Transcribe the data verbatim and drop its images.

_EXTRACTED ENTRIES_:
• • • •
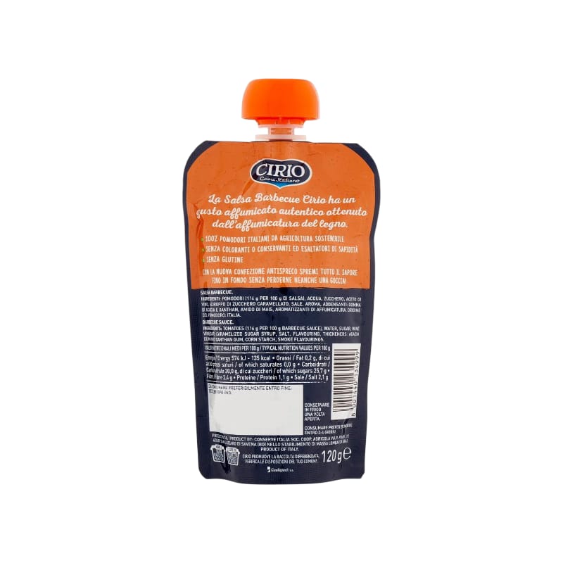 Cirio Salsa Barbecue all’Italiana è una salsa dal carattere mediterraneo, che unisce il gusto intenso del pomodoro italiano a delicate note affumicate. La sua consistenza è cremosa e vellutata, mentre il sapore bilancia dolcezza e acidità con un tocco aromatico che richiama la griglia.
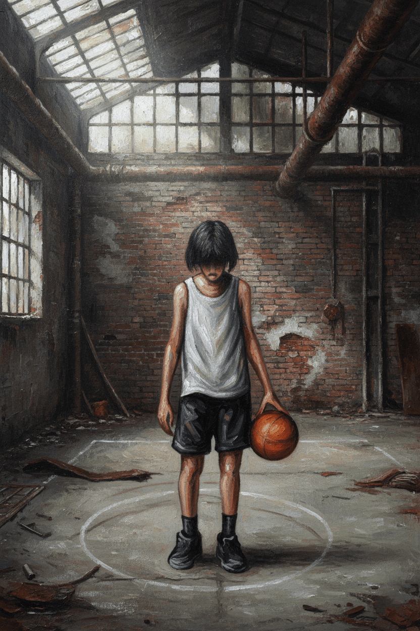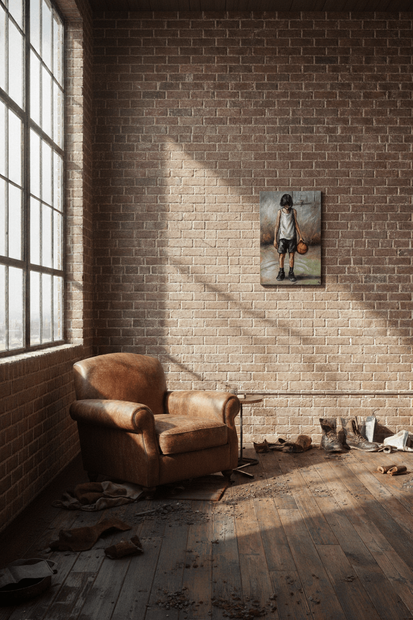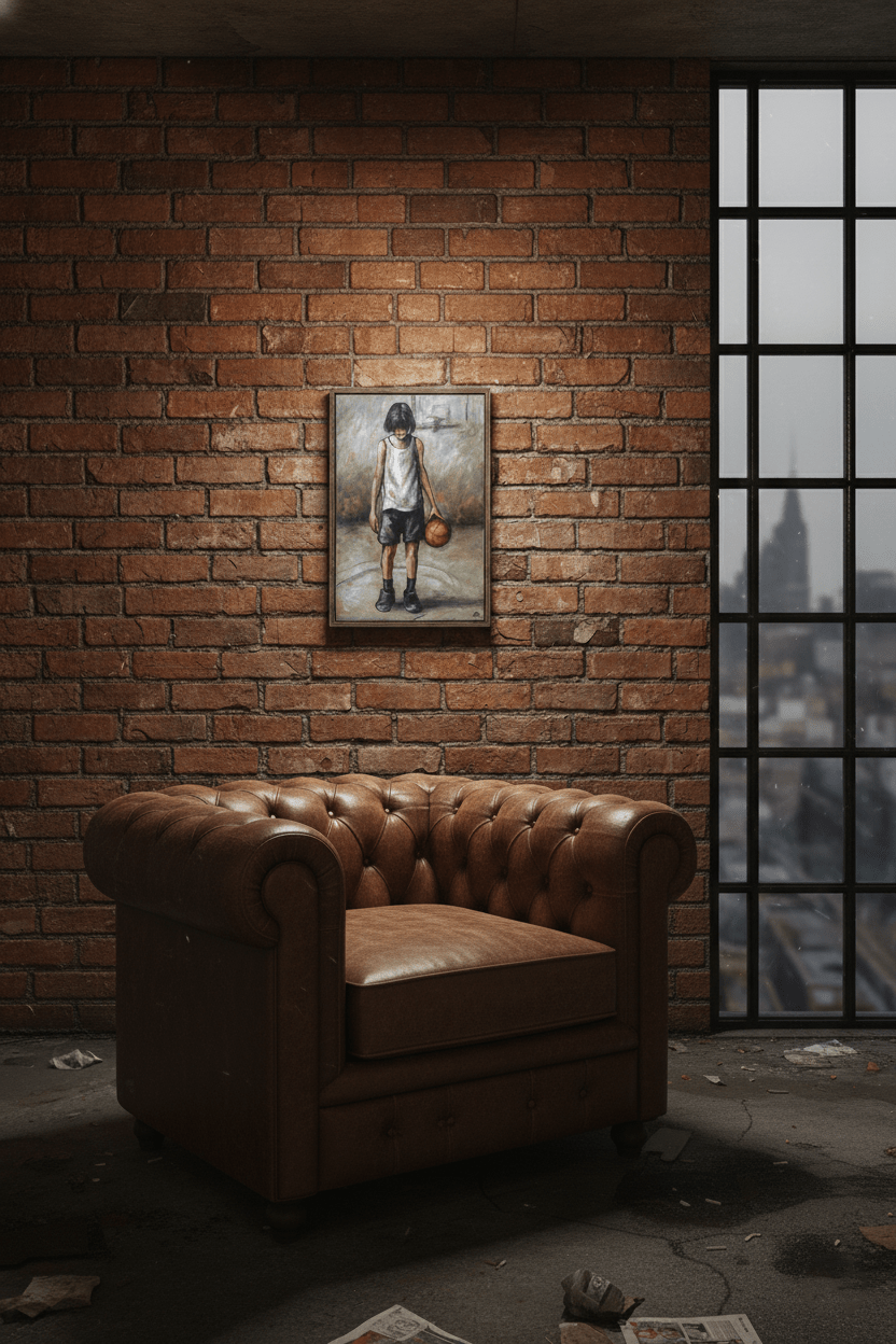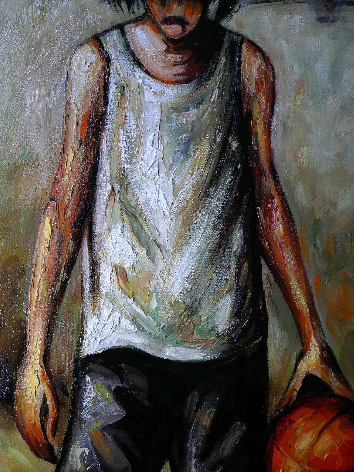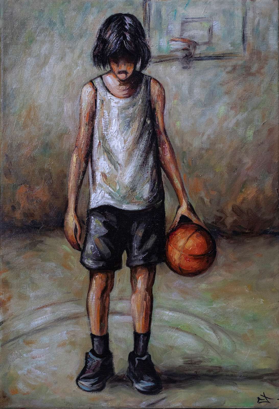 Dans une atmosphère chargée d’émotion brute, cette toile capture un instant suspendu sur un terrain de basket déserté. Un adolescent, silhouette solitaire en posture introspective, tient un ballon contre sa hanche. Le regard baissé, les cheveux tombant sur le visage, il semble absorbé par ses pensées, entre mélancolie et détermination. Le fond, texturé et sobre, évoque les murs usés d’un gymnase, renforçant le sentiment de solitude et de quête identitaire.
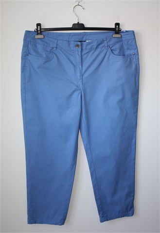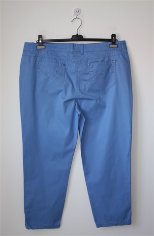 Witteveen pamučne hlače pastelno plave boje. Prednji cif i kopčanje, pasica za remen. Prednji i stražnji džepovi, blago rastezljive. Mali rasporak na dnu nogavice (sa vanjske strane).
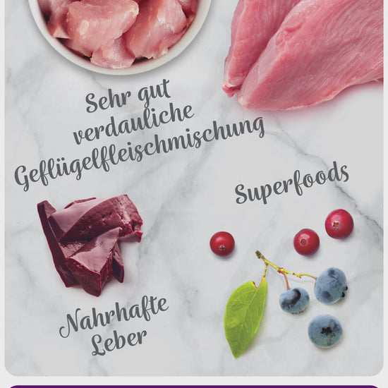 Unwiderstehliches, sehr leicht verdauliches Futter mit Geflügelfleisch
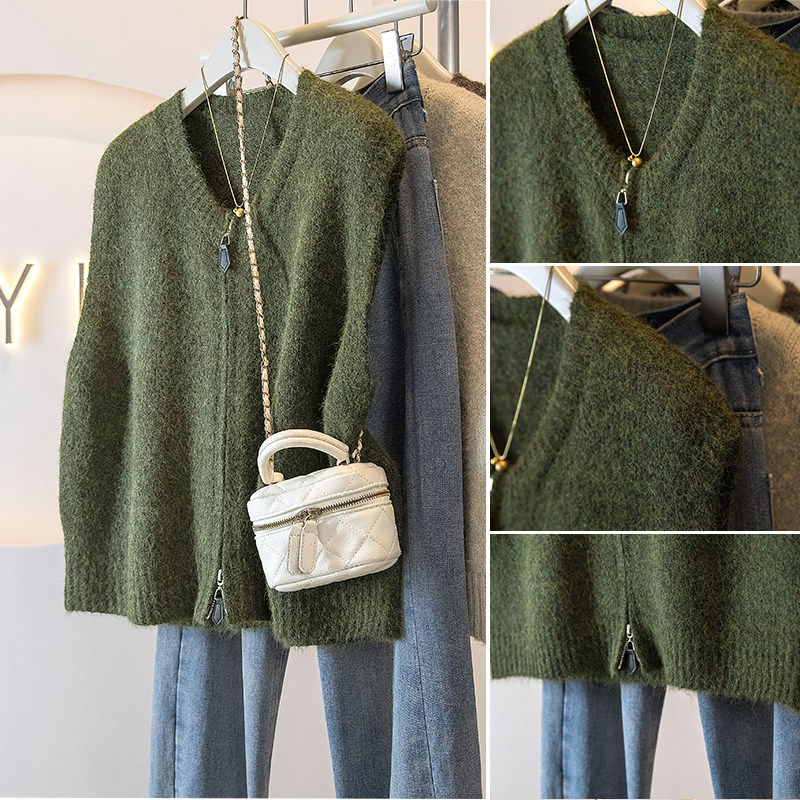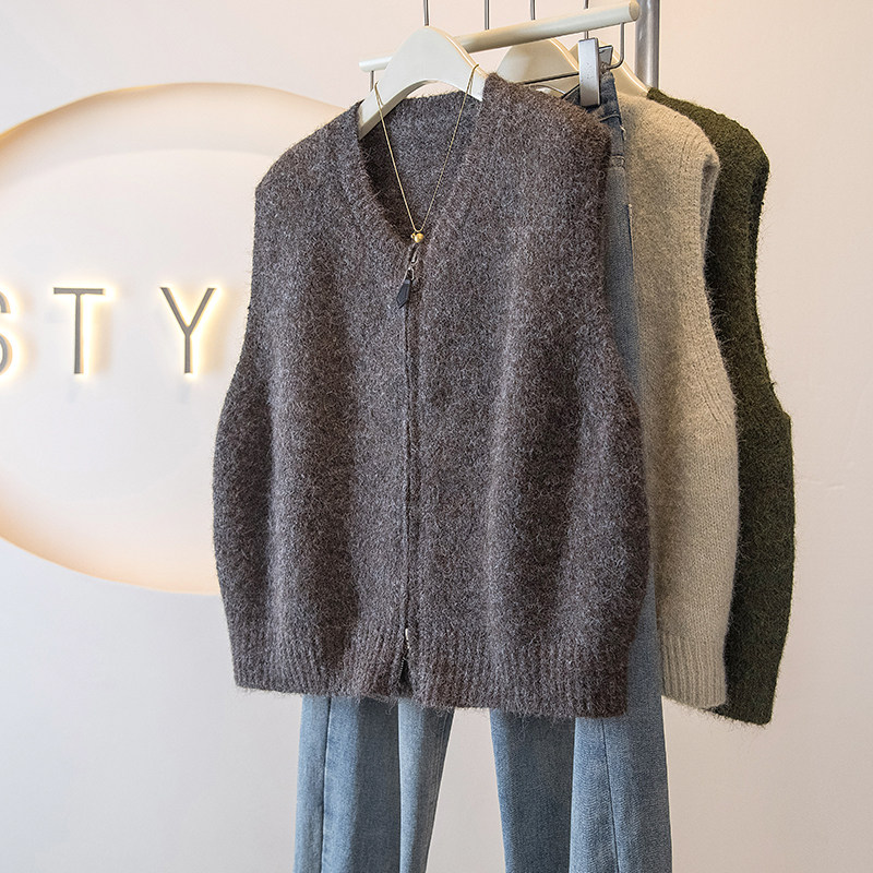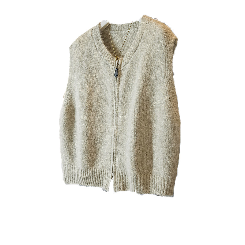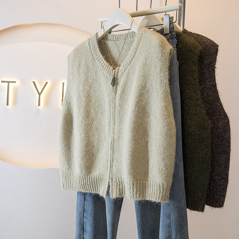 极简高级双拉链开衫 胖mm休闲宽松毛衣坎肩背心 针织马甲女秋冬大码
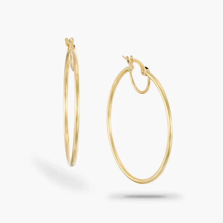 עגילי ג'יפסי בזהב 14K צהוב בקוטר 3 ס"מ.
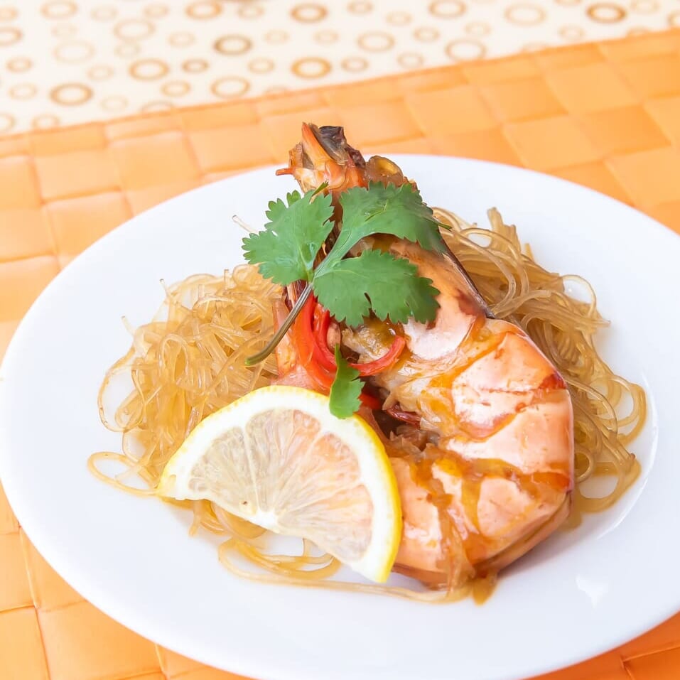 有頭エビと春雨を紹興酒やナンプラー、醤油等と一緒に炒め、仕上げられた一品です。
• • • •
_WRITTEN SOLUTION_:
 Cirio Salsa Barbecue all’Italiana è una salsa dal carattere mediterraneo, che unisce il gusto intenso del pomodoro italiano a delicate note affumicate. La sua consistenza è cremosa e vellutata, mentre il sapore bilancia dolcezza e acidità con un tocco aromatico che richiama la griglia.
 Dans une atmosphère chargée d’émotion brute, cette toile capture un instant suspendu sur un terrain de basket déserté. Un adolescent, silhouette solitaire en posture introspective, tient un ballon contre sa hanche. Le regard baissé, les cheveux tombant sur le visage, il semble absorbé par ses pensées, entre mélancolie et détermination. Le fond, texturé et sobre, évoque les murs usés d’un gymnase, renforçant le sentiment de solitude et de quête identitaire.
 Witteveen pamučne hlače pastelno plave boje. Prednji cif i kopčanje, pasica za remen. Prednji i stražnji džepovi, blago rastezljive. Mali rasporak na dnu nogavice (sa vanjske strane).
 Unwiderstehliches, sehr leicht verdauliches Futter mit Geflügelfleisch
 极简高级双拉链开衫 胖mm休闲宽松毛衣坎肩背心 针织马甲女秋冬大码
 עגילי ג'יפסי בזהב 14K צהוב בקוטר 3 ס"מ.
 有頭エビと春雨を紹興酒やナンプラー、醤油等と一緒に炒め、仕上げられた一品です。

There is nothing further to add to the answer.